53
"Ama şimdi beni çok kırdınız. Niyetim kimseyi kazıklamak değil. Ben aslında
bulunmayacak bir hizmet sunuyorum. Karar size kalmış. Dediğim gibi, alan pişman, almayan
pişman!"
İstemeden soru ağzımdan kaçıvermişti.
"Hadi almayan pişman, orasını anladık da, neden alan da pişman? Hem pişman olacaksak
neden alalım?"
Adam hevesle bana bakıp akışkan bir gölge gibi yanıma yaklaşmıştı. Yüzünde takdir eder
bir ifade vardı.
"İşte! Esas soruyu soracak kadar cesareti olan biri. Hemen cevap vereyim. Almazsan,
kalpteki gerçeği hiçbir zaman öğrenemeyeceğin için pişman olursun, ama alırsan bu sefer de
gerçeği bildiğin için pişman olursun. Çünkü ne demişler, gerçekler acıdır ve acıtır. Bazılarımız
gerçeği bilmek istemez. Hatta onları duymamayı, bilmemeyi çoğu zaman tercih ederiz.
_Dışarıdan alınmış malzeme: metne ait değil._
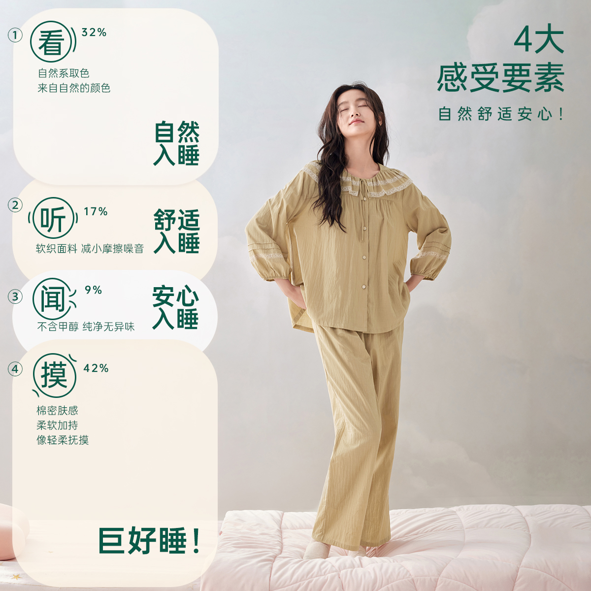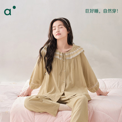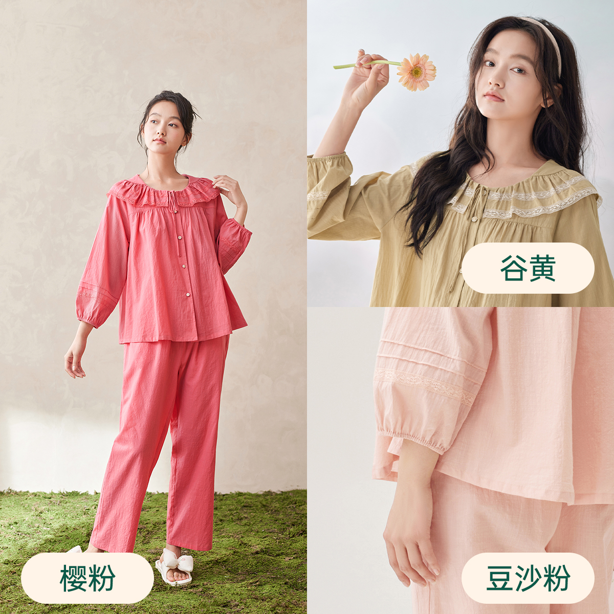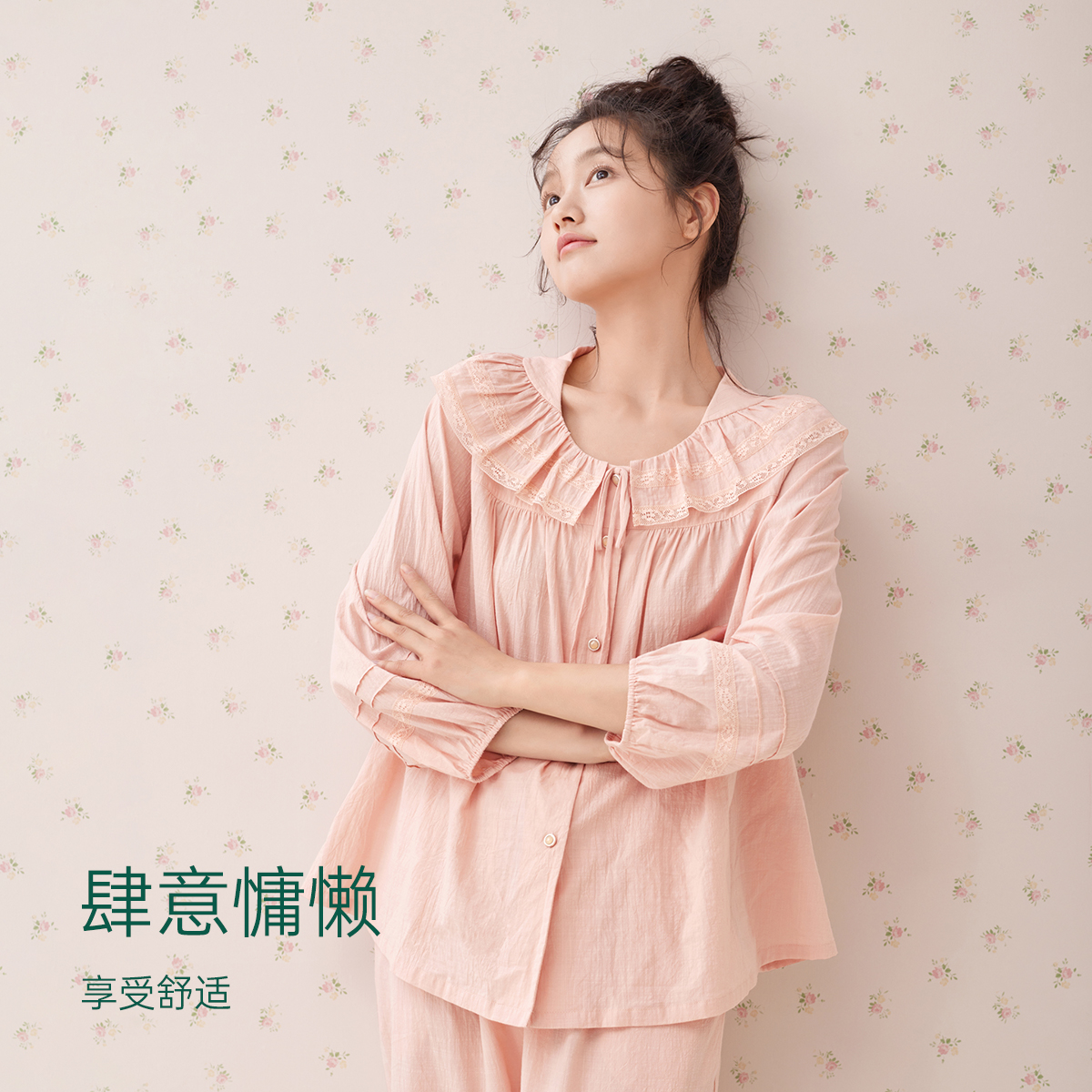 安之伴春秋梭织甜美睡衣女新款纯棉长袖娃娃领薄款休闲宽松家居服
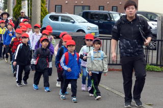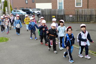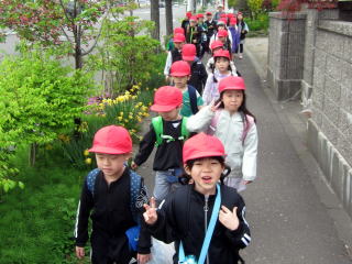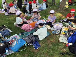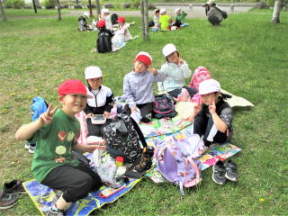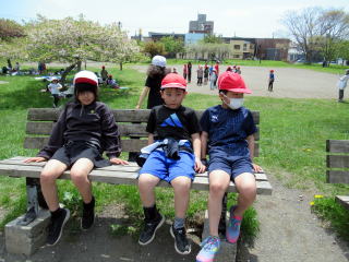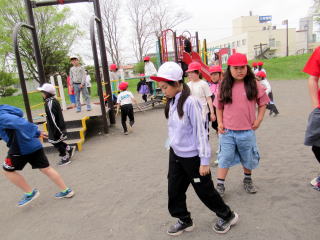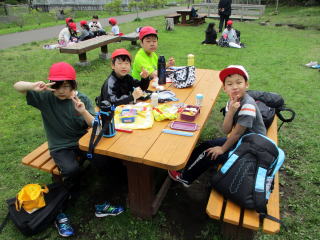 | 1~4年生の遠足が行われました。昨年より1か月早まり、天候や気温が心配されましたが、寒くもなく暑くもなくちょうどよい遠足日和となりました。1年生は室蘭高砂1丁目公園、2年生は富岸公園、3年生は室蘭中島公園、4年生は亀田記念公園とそれぞれの目的地をめざして歩きました。到着後は歩いた疲れも見せず、元気に遊びまわりました。お昼にはお楽しみのお弁当とおやつタイム。おいしくいただきました。帰りはやや疲れが見られ、歩くペースが遅れてきた子もおりましたが、しっかり帰ってくることができました。 |
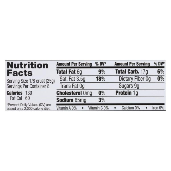 9 inch size. Delicious pie recipes on back! perfect for those with gluten sensitivity. Certified gluten-free. Peanut free. Panosbrands.com. Product of canada.
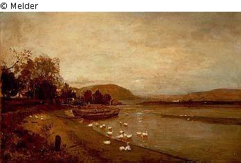 River landscape near Lundenburg / River landscape with geese / Strudengau
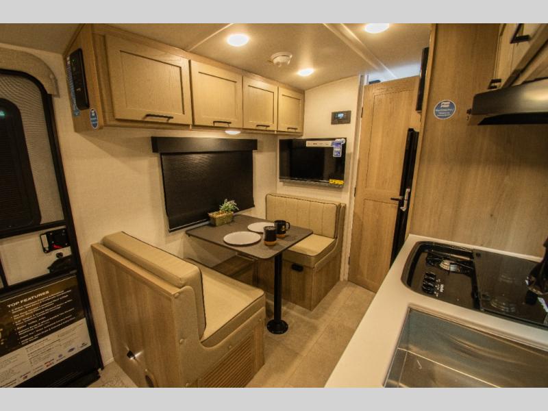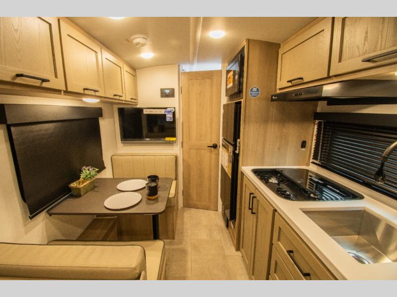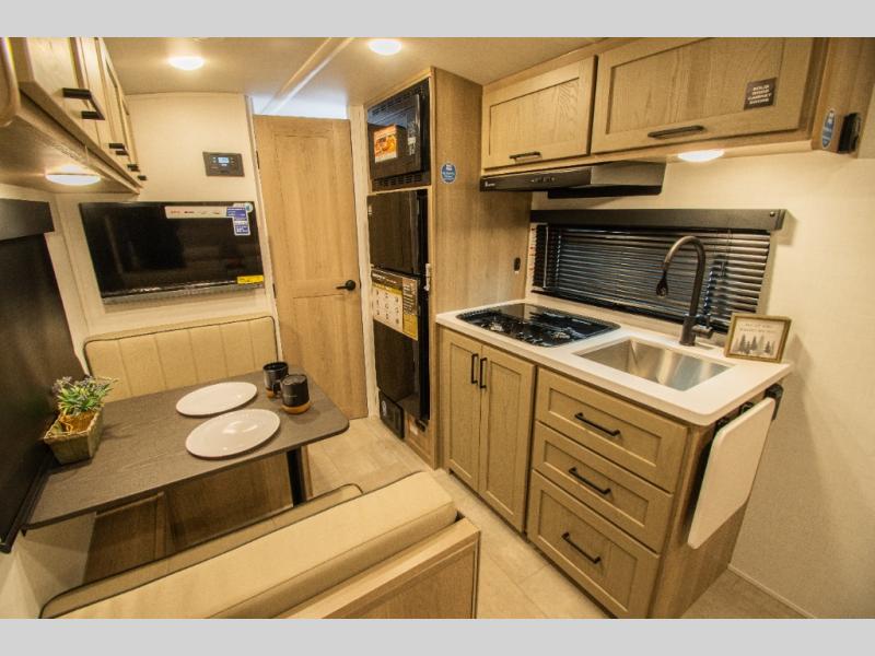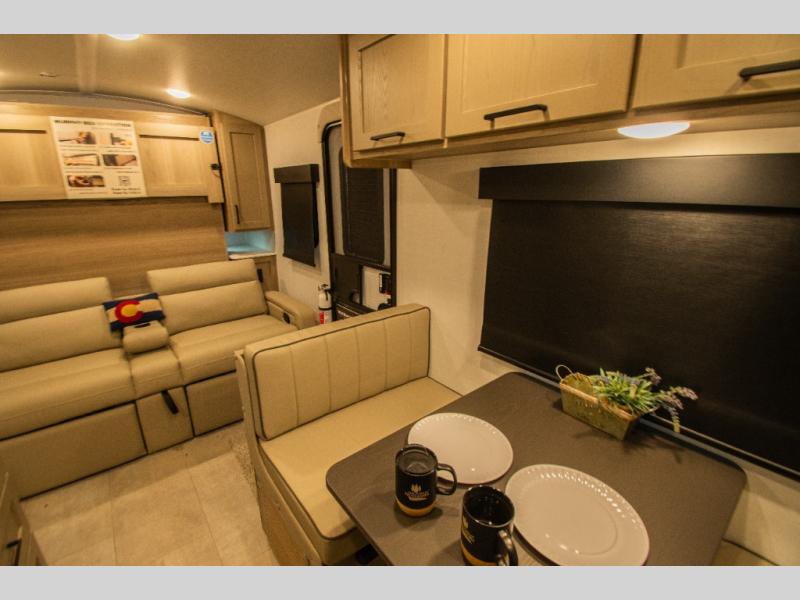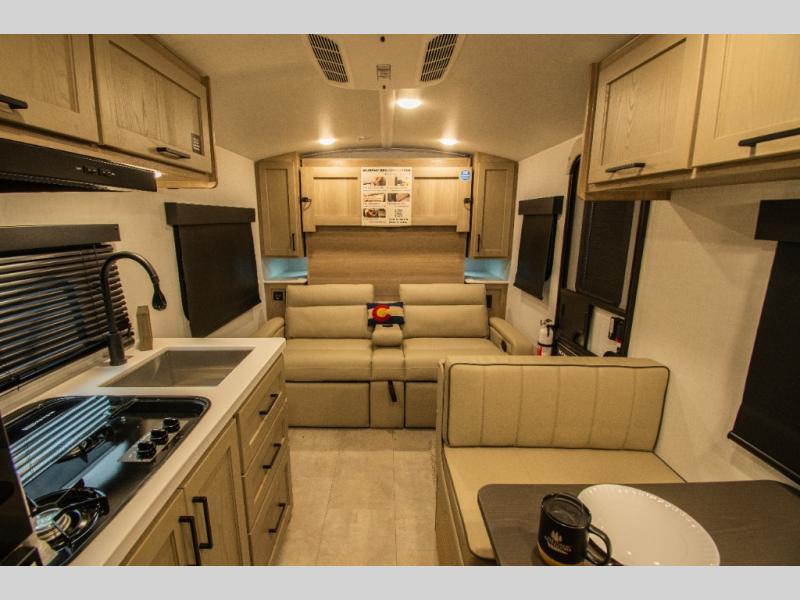 You will love how versatile this travel trailer is thanks to the Murphy bed up front. After you've had a great night's rest, just fold it up to relax on the 72" sofa. This will give the chef more space in the morning to prepare breakfast on the three burner cooktop or in the microwave oven. There is a 32" booth dinette to dine at, or you may just want to take your plate outdoors under the 14' power awning. The full rear bath includes a large linen closet to store clean towels. You will appreciate a pass-through storage, plus additional exterior storage so you can bring along hiking gear, water tubes, and fishing poles!
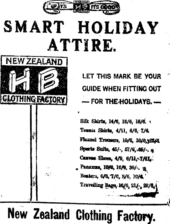 SMART HOLIDAY ATTIRE. I NEWZEALAND Hi raoTHiNftacTORY <J2 LET THIS MARK BE YOUR GUIDE WHEN FITTING OUT FOR THEHOLIDAYS. Silk Shirts, 14/6, 16/6, 16/6. t Tenets 4/11, 6/6, 774 numl Xraws, 10/6, Bp«rt» Safe, 46/-, 67/6,46/-. * Oufna Sfaoca, 4/9 3 6/Urf/lV< „ PaauanM, 10W, Barters, C/Bk-7/e, 8/6, 10/C'' Tiawfliflg 21/-, »/* New Zealand Clothing Factory.
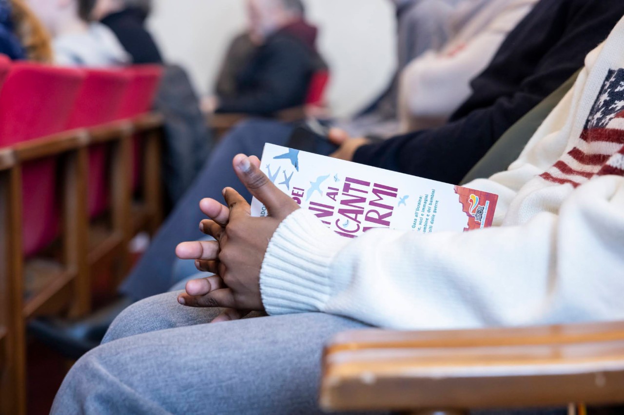 “I bambini ci indicano la strada per fabbricare vita”, ha affermato Anna Pozzi, mentre Cristina Castelli si è soffermata sull’importanza dei disegni: “Papa Francesco ci ha insegnato che sono proprio i più piccoli a porre le domande più grandi e difficili. Con questo lavoro abbiamo cercato di creare un’oasi di pace, un laboratorio di ricostruzione in cui il disegno invita all’azione, perché aiuta il bambino a essere attivo e a esprimere le proprie emozioni, liberandosi dall’inibizione che l’esperienza della guerra provoca, condividendo il suo dolore. Per elaborare un trauma così – ha proseguito Cristina Castelli - ci vuole tempo: il disegno è uno strumento prezioso perché aiuta a fare memoria e a superare il trauma”. Don Alliata ha citato alcuni passi dei celebri: “La guerra delle campane” di Gianni Rodari e “Il sergente nella neve” di Mario Rigoni Stern, rimarcando come “ognuno di noi, ogni giorno, possa nel suo piccolo contribuire a fare la pace o meno”.
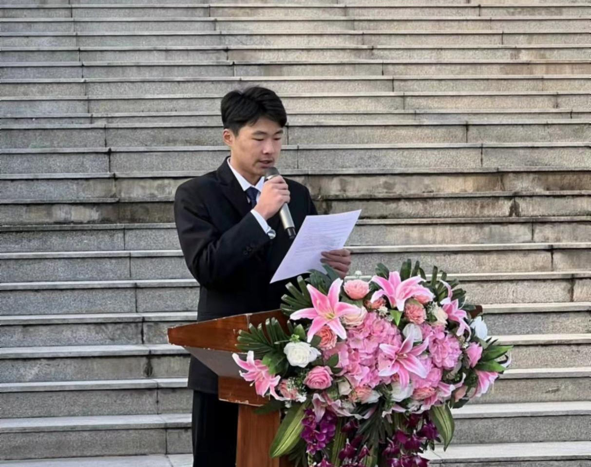2023级施榆慧同学作为学生代表上台发言。他以“青春为中国式现代化挺膺担当”为题,分享了自己的成长经历和理想追求,表达了对祖国的热爱和对未来的信心。他指出,作为新时代的青年,大家要以五四青年为榜样,继承五四光荣传统,弘扬五四精神,在“五四”精神的激励下,肩负起自己的使命感、责任感。
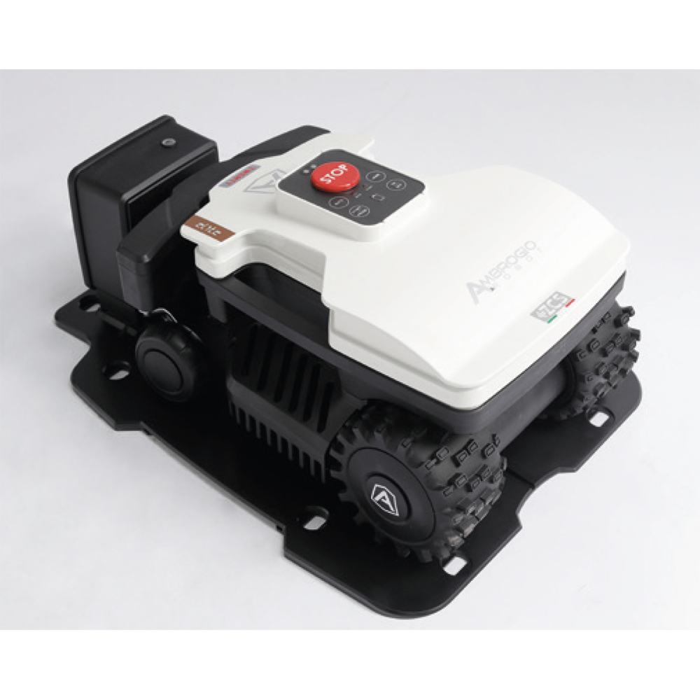 Effortlessly maintain a pristine lawn with the Ambrogio Twenty Deluxe, the perfect robotic solution for smaller gardens up to 700m² (+/-20%). This compact powerhouse navigates with ease, tackling even complex lawn layouts thanks to its four-zone management software. Its brushless motor and powerful 25.9V, 2.5Ah lithium-ion battery ensure efficient operation, while large Flex-Grip rubber tires conquer slopes up to 45%. An 18cm stainless steel blade delivers a precise cut, leaving your lawn looking its best. Bluetooth connectivity via the Ambrogio Remote App provides simple scheduling and control. At just 42cm long and weighing 7.1kg (including batteries), the Twenty Deluxe offers big performance in a small package. Enjoy a beautifully manicured lawn without the effort. Average working time is 2 hours. Maximum allowable slope is 45%, maximum slope is 35%, and slope on the edge or perimeter wire is 20.
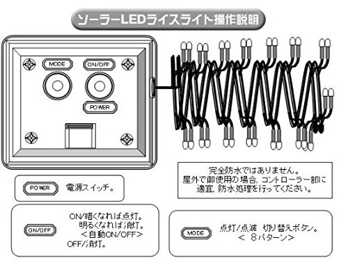- 点灯パターン:常時点灯、速さが異なる点滅、蛍のような明かりなど、全部で8パターン。
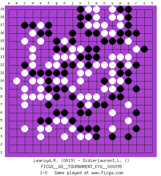 Last move : 1-0 2010 February 7 18:3:38 [Event "FICGS__GO__TOURNAMENT_KYU__000095"] [Site "FICGS"] [Date "2009.12.04"] [Round "1"] [Black "Learoyd,Ronald"] [White "Didierlaurent,Ludovic"] [Result "1-0"] [Rating 1 "0819"] 1.q16 c4 2.q3 d16 3.r9 e3 4.f17 e17 5.f16 d13 6.k17 d10 7.d15 e15 8.e16 d14 9.d17 c15 10.c17 h3 11.k4 k3 12.l4 l3 13.m4 j4 14.m3 r14 15.r12 q13 16.p11 q12 17.q11 q15 18.r16 c7 19.p16 l17 20.l16 m17 21.m16 n16 22.n15 o16 23.o15 p17 24.q17 p18 25.p15 o13 26.m14 n12 27.n10 o11 28.p12 p13 29.q18 o10 30.p9 o9 31.p8 h15 32.j16 k14 33.j15 j14 34.l14 o12 35.s14 q5 36.r4 o6 37.o8 n9 38.m7 o4 39.o3 k10 40.d9 c9 41.c10 c8 42.d11 e10 43.e11 c11 44.f10 e9 45.f9 d8 46.c12 b10 47.g11 d12 48.h14 h13 49.g14 g13 50.g15 f12 51.f11 f8 52.g8 p10 53.q10 l13 54.m13 m12 55.k13 j13 56.l12 k12 57.l13 l11 58.f7 e8 59.g6 n17 60.j5 h5 61.h6 g5 62.f5 f4 63.e5 e4 64.p19 o19 65.q19 o18 66.l18 m18 67.k18 l19 68.k19 m19 69.j12 k11 70.h12 g12 71.h11 m8 72.n7 k8 73.k7 l7 74.l6 l8 75.k6 q7 76.r6 h10 77.h9 j9 78.j8 g10 79.g9 1-0 Here are the names of the openings (joseki) played in the four corners : Corner d16 : d16 f17 Hoshi (Hwajeom, Seongjeom, Xingwei`) 4-4 Point. The star or hoshi (4-4) point, emphasizing influence at the potential expense of territory. Ikken Kakari (Hankan Keolch'im, Yi Gua`jiao~, 1-Space Low Approach). Black 2 is the standard approach move to the 4-4. Corner q16 : q16 r14 Hoshi (Hwajeom, Seongjeom, Xingwei`) 4-4 Point. The star or hoshi (4-4) point, emphasizing influence at the potential expense of territory. Ikken Kakari (Hankan Keolch'im, Yi Gua`jiao~, 1-Space Low Approach). White 2 is the standard approach move to the 4-4. Player Black won this Go (weiqi, baduk) game. Follow this game move after move (download)On the second line six die, eight live. (Anonymous) I've lost money so fast in these clubs it's left me reeling. I've read every poker book ever written, but the only way to get better at the game is to go out and play with people who are really good. The problem is, you stand to lose a lot of money doing it. (Matt Damon)
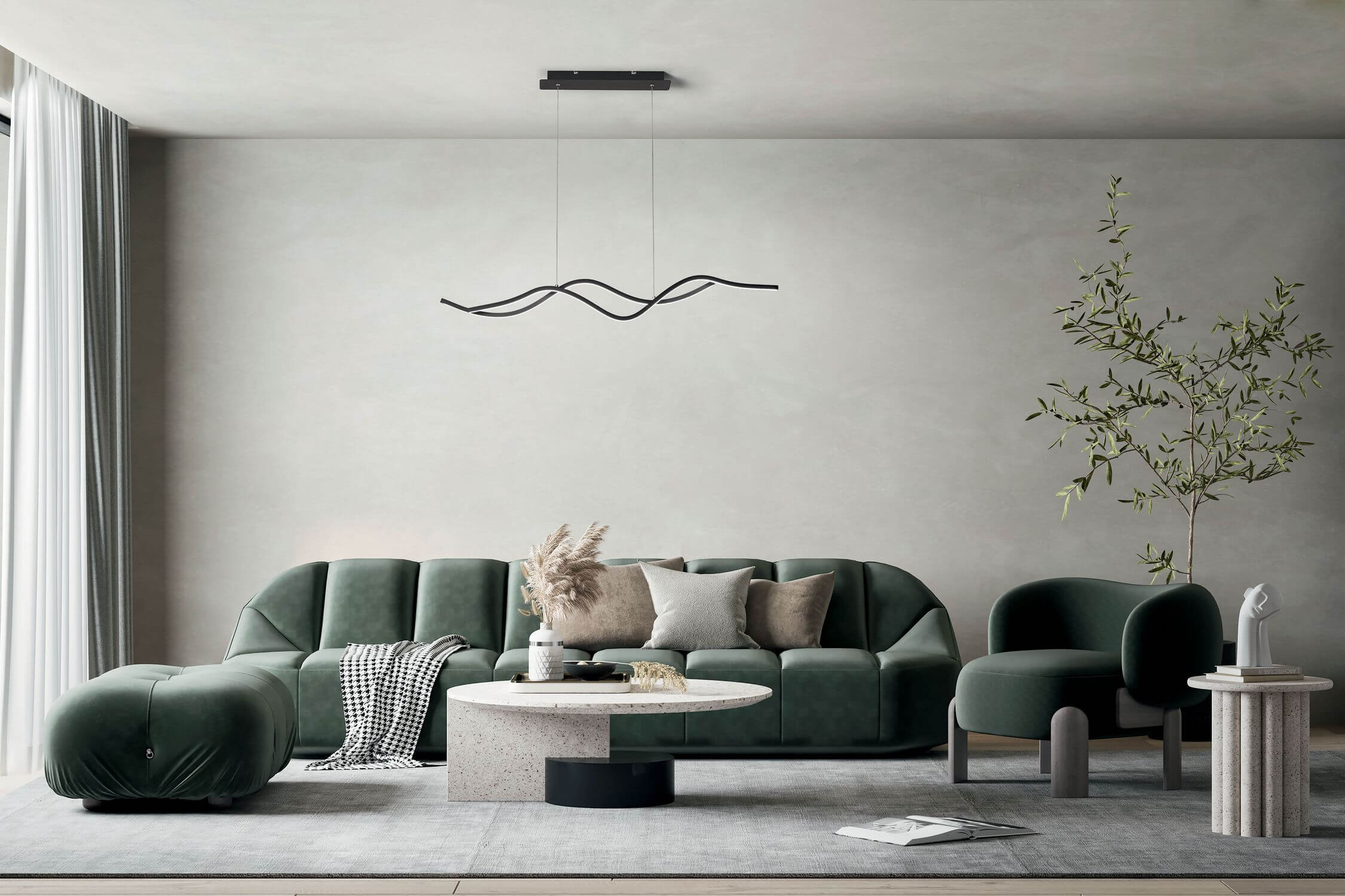 Fabas Luce LED Pendelleuchte Sinuo 2000x70mm 36W Warmweiß Schwarz dimmbar
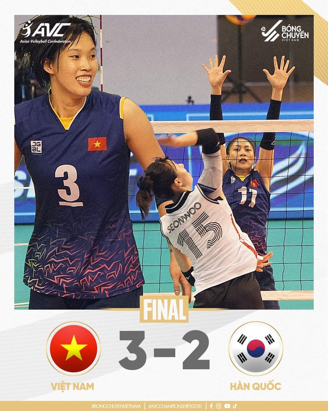 (Dân trí) - Bị dẫn trước 2-0, tuyển bóng chuyền nữ Việt Nam có màn lội ngược dòng không tưởng, thắng 3-2 trước Hàn Quốc trong trận ra quân tại giải vô địch châu Á 2023.

Hâlbuki gerçek güçlendirir. Ama tabii onları duyacak cesaretin varsa... Ve sindirecek kadar
güçlüysen. Sonunda pişman olsan da, bu pişmanlık, hiç bilmemekten dolayı duyacağın
pişmanlıktan daha hafif olacaktır."
Bu bana bir meydan okuma gibi gelmişti. Ve açıkçası, dışardaki hava kadar gri ruh halime
ve zaten iyice zayıflamış olan özgüvenime atılmış bir çimdik gibi, rahatsız ediciydi.
"Yani diyorsun ki, cesaretin varsa alırsın?"
Adam şimdi dikkatle bana bakıyordu. Yüzündeki gülümseme giderek solmuş ve alnına
yerleştirilmiş iki kirpi gibi duran gür kaşlarını çatmıştı.
"Belki de sen almasan daha iyi. Evet, bence almamalısın."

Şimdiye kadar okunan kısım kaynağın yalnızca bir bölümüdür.